# DIRECTIONS FOR THIS TASK:
Below are entries. Reproduce exactly the lines between the line holding "2015港風(fēng)秋裝" and the line holding "Пришло все быстро, холст", inclusive, and only those.

# INFORMATION GIVEN:
● ● ● ● ●
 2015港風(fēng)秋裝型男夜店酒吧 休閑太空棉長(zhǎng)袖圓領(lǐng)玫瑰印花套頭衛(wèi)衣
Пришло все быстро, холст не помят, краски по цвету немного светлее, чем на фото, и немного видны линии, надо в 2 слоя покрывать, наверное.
● ● ● ● ●
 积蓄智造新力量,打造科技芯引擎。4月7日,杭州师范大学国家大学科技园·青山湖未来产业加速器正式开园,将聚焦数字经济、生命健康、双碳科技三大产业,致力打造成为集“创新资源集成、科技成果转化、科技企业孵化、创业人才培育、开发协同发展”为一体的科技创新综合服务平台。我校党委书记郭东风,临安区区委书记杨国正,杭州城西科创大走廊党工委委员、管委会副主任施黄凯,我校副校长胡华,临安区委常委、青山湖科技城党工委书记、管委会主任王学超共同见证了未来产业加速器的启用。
● ● ● ● ●
# ANSWER SECTION:
 2015港風(fēng)秋裝型男夜店酒吧 休閑太空棉長(zhǎng)袖圓領(lǐng)玫瑰印花套頭衛(wèi)衣
Пришло все быстро, холст не помят, краски по цвету немного светлее, чем на фото, и немного видны линии, надо в 2 слоя покрывать, наверное.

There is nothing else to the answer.